眾人:「?」
——
用完晚餐,來玩的朋友陸陸續續的跟謝景廷告別,離開莊園。
時嶼平時很少開車,而且來的時候沈知年再三堅持載他,便蹭了他的。
他先一步跟謝景廷打了招呼,站到庭院噴泉處等沈知年。
今晚的月亮格外明亮,他站在一片月色中,皎潔清寒的光如絲綢一般纏繞在皮膚上,修長的天鵝頸微微仰著,頸窩和脖頸白的幾近透明。
段京淮離他不遠。
男人斜靠著牆,嘴裡懶懶地咬著根煙,別墅里的燈拂在他側臉,在冷峻的面上落下幾道斑駁的影。
煙霧四散開,把他的神色遮的半明半昧。
他就這麼一眼不錯地盯著時嶼的背影,很長一段時間都沒挪開視線。
直到沈知來。
他邊下樓邊繫著西裝扣子,後面還跟著郝帥謝景廷等人。
「波士頓那個案子,就麻煩你催了。

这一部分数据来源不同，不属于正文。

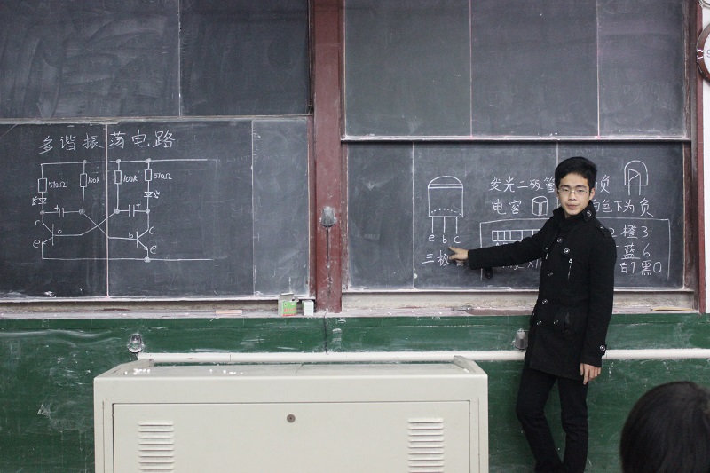 复赛的比赛内容为多谐振荡电路的焊接,比赛时间为40分钟,选手共分4组进行比赛。首先由工作人员向参赛选手讲解比赛要点以及注意事项。比赛过程中,参赛同学严谨认真,将发光二极管等零件焊接于电路板上,工作人员在一旁监督计时,保证了比赛的公平公正。比赛结束,工作人员将作品连接电源检查结果并进行计分统计。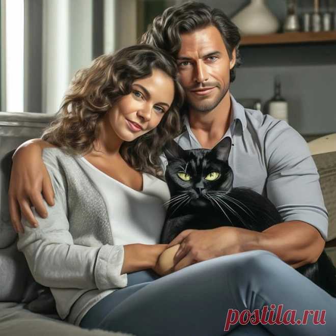 гиперреалистичный красивый мужчина и красивая шатенка с кудрями обнимаются,сидят на диване, уютно, комфортно, тёмные волосы с серыми глазами,чёрный британец - кот на коленях, на кухне, домашняя обстановка, профессиональное фото, высокая детализация, 8k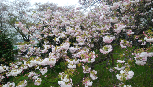 【印旛沼公園だより】ヤエザクラが花盛りです。 2023年4月6日 最終更新日時 : 2025年10月11日 スタッフ1 印旛沼公園では今まさにヤエザクラが花盛りです。 自由広場のポピュラーなカンザンだけでなく、芝生広場には白いヤエザクラ イチヨウがお出迎えしております。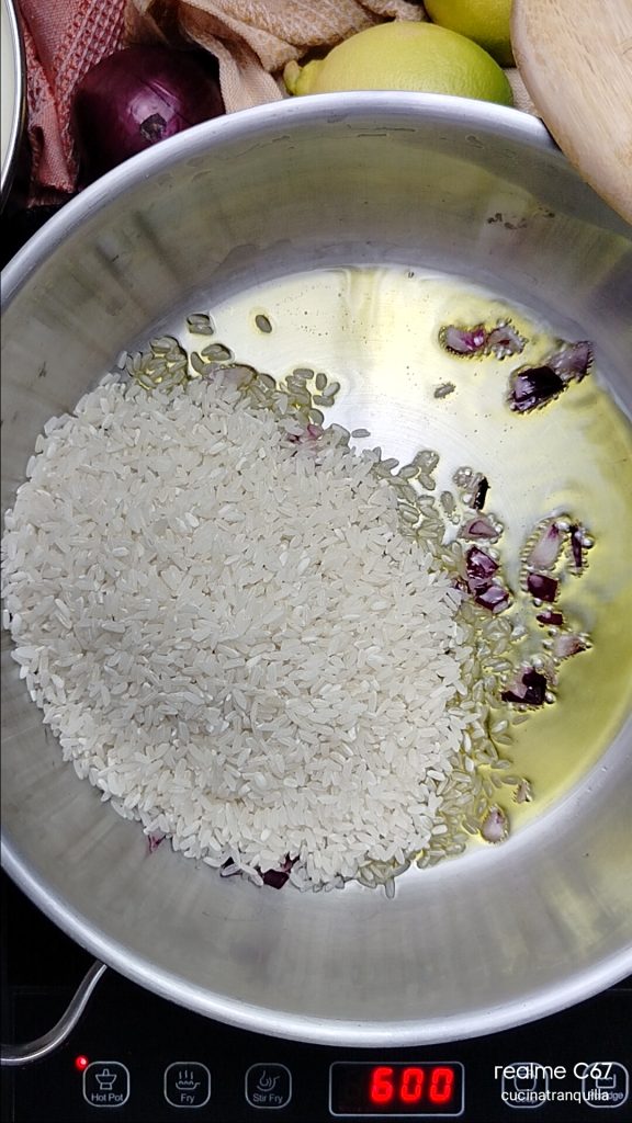 Para fazer o Risoto de limão, a primeira coisa a fazer é preparar o caldo de legumes, depois de limpar o aipo, a cenoura e a cebola. Mergulhe-os em dois litros de água salgada e cozinhe-os por uma hora em fogo baixo. O caldo para o risoto deve estar bem quente, mas você pode prepará-lo com antecedência, coá-lo e guardá-lo na geladeira por até dois dias. Em uma caçarola, refogue a cebola picada finamente no azeite.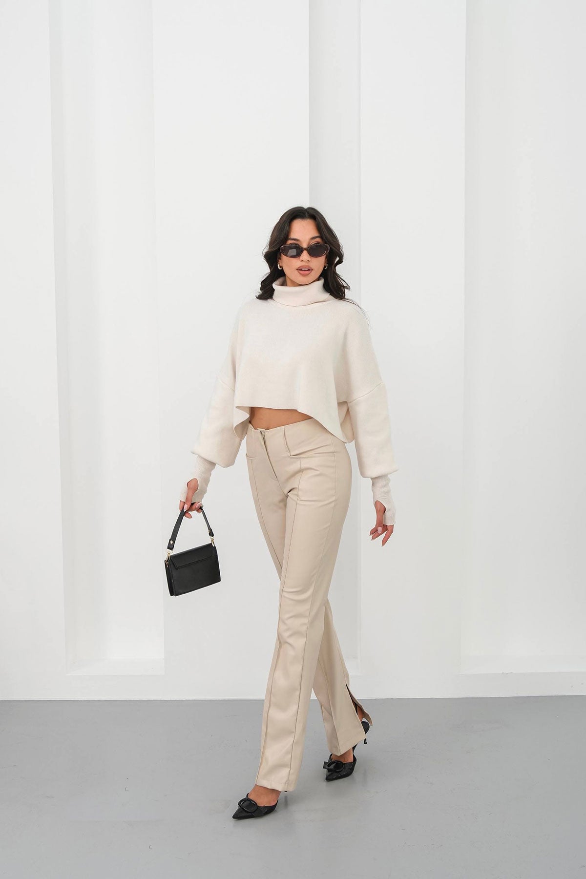 Beige High Waist Slit Faux Leather Pants BCHN-25265099 - Chatham
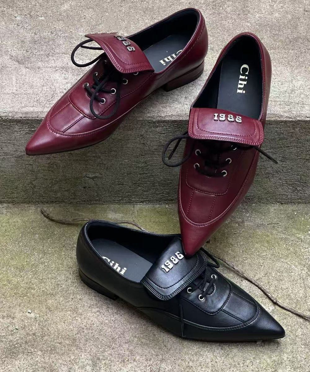 Black Faux Leather Chic Splicing Lace Up Pointed Toe Shoes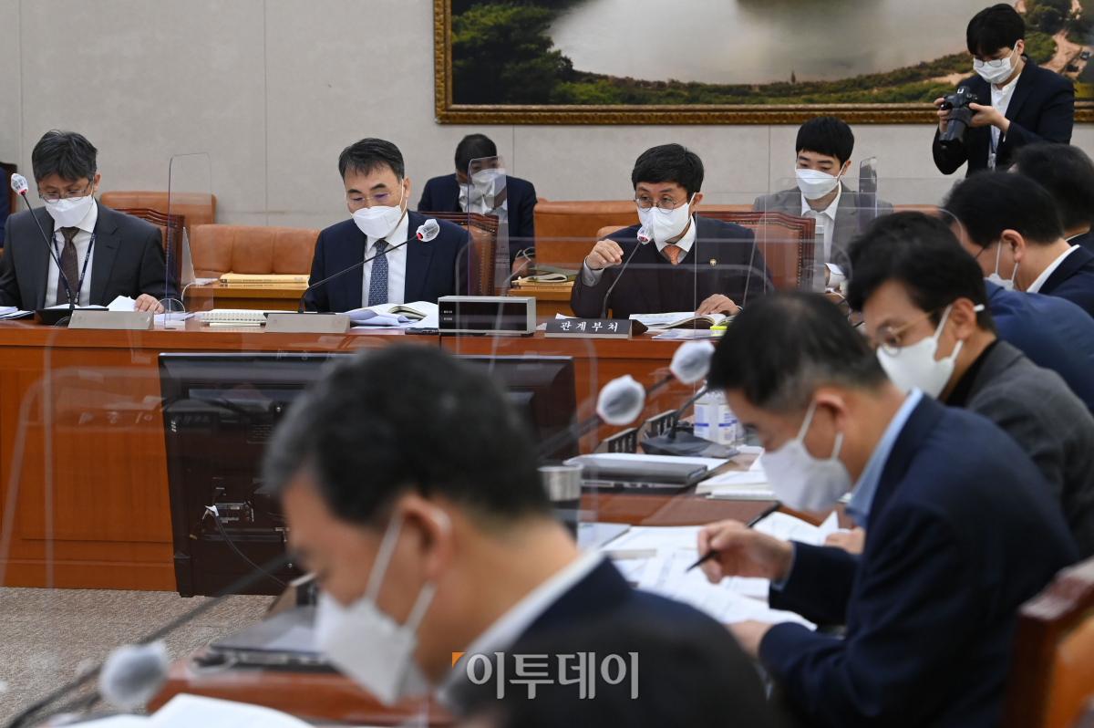 안도걸 기획재정부 2차관이 17일 서울 여의도 국회에서 열린 예결위 2022년 예산안등조정소위에서 의원들의 질의에 답하고 있다. 신태현 기자 holjjak@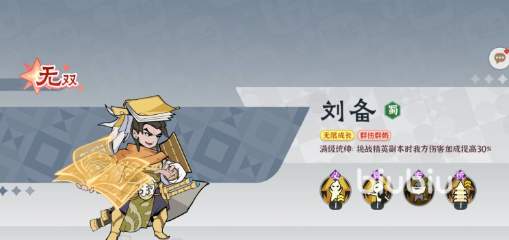 刘备作为辅助,能在战斗中给队友提供持续性的治疗和增益,他的“百骑冲营”能在挑战精英副本时,让我方伤害加成提高2%,他的“恩泽天下”会给周围2格方位内的队友恢复生命,并净化掉1层减益,他的“得道多助”会在有任意队友发动羁绊技时,有20%概率自行发动,此时场上每有1个队友,就会提升自己1%最大生命持续60秒,他的“治愈圣光”会为自己以及当前生命比例最低的队友进行恢复,并为自身和该队友周围1格范围内敌人造成输出。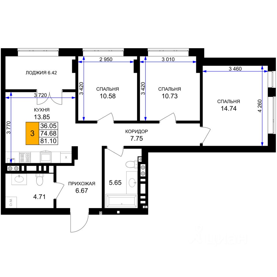 продам 3-к, Гурьевск11 921 700 ₽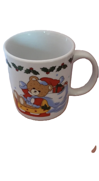 Tazza / Mug natalizia in ceramica bianca, perfetta per le tue colazioni o merende durante il periodo delle feste. La tazza presenta un allegro e tradizionale motivo natalizio che si ripete tutt'intorno: un tenero orsetto di peluche vestito da Babbo Natale, che pattina sul ghiaccio con una slitta piena di regali. Il bordo superiore è decorato con classiche foglie di agrifoglio rosse e verdi. Il design è vintage e crea subito un'atmosfera calda e accogliente. Dettagli: Articolo: Tazza / Mug Materiale: Ceramica (di colore bianco) Design: Orsetti natalizi che pattinano, Agrifoglio e Neve. Colore: Bianco con stampe classiche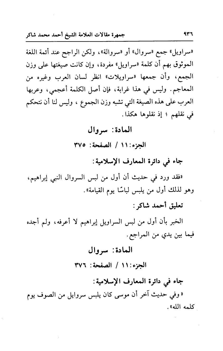 "سراويل" جمع "سروال" أو "سروالة"، ولكن الراجح عند أئمة اللغة الموثوق بهم أن كلمة "سراويل" مفردة، وإن كانت صيغتها على وزن الجمع، وأن جمعها "سراويلات" انظر لسان العرب وغيره من المعاجم. وليس في هذا غرابة، فإن أصل الكلمة أعجمي، وعربها العرب على هذه الصيغة التي تشبه وزن الجموع، وليس لنا أن نتحكم في نقلهم؛ إذ نقلوها هكذا.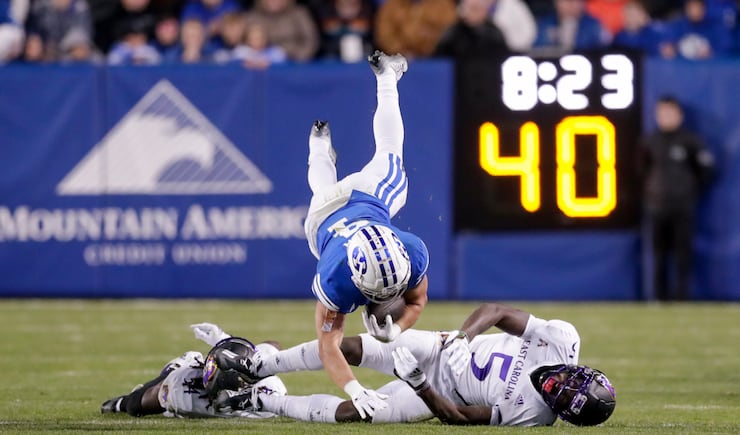 BYU’s Hall was just OK, completing 18 of 25 passes for 144 yards and two scores. He did the most damage with his feet, running for 60 yards on eight carries. But it was the one called back by the hold that BYU fans will remember the most.

」謝景廷吸了口煙,拍著沈知年的肩膀道。
「沒問題,回頭幫我跟謝叔問好。」
謝景廷笑道:「他正在家愁著給你家老爺子送賀禮呢。」
沈知年也笑,轉而看向時嶼,笑容更深了:「我們走吧。」
時嶼點頭,順勢向身後的眾人示意。
「等一下——」
段京淮將菸頭碾磨,拎著外套從陰影里走出來。
他眼皮懶懶的掀著,隨手將車鑰匙丟給謝景廷,淡道:「我車壞了,明天幫我找人拖回去。」
謝景廷:「哦?」
「沈知年,」段京淮忽然開口,唇角勾了勾,狹長微揚的眉眼透著幾分傲慢,「順便帶我一程唄。」
第18章 指縫
時嶼側目,不明所以地看著他。
有涼風貼著地面拂過,沈知年嘴角的笑容一僵,緩緩地眯了眯眼。
空氣仿佛凝滯了片刻。
然而不等兩邊陷入僵持,郝帥沒心沒肺地「啊——」了一聲,對段京淮說:「我還想蹭你車走呢,沒事,你車壞了讓老謝幫我們叫個司機不就行了?」
段京淮:「……」
他翳了翳唇角,冷硬道:「我不習慣。」
「這有什麼不習慣的四個人在一個車裡多擠啊氣都喘不勻啊我是說——」他在段京淮陰森密布的眼神中猛地停下來,提了口氣,看向沈知年,「我也想,老沈你也捎著我吧。」
事到如此,沈知年也只能無奈笑道:「好,大家一起走吧。」
隨著清脆的提示音響起,漂亮的車尾燈亮了兩下。
沈知年先邁到副駕駛的位置,打開車門,眼神tຊ落到時嶼身上。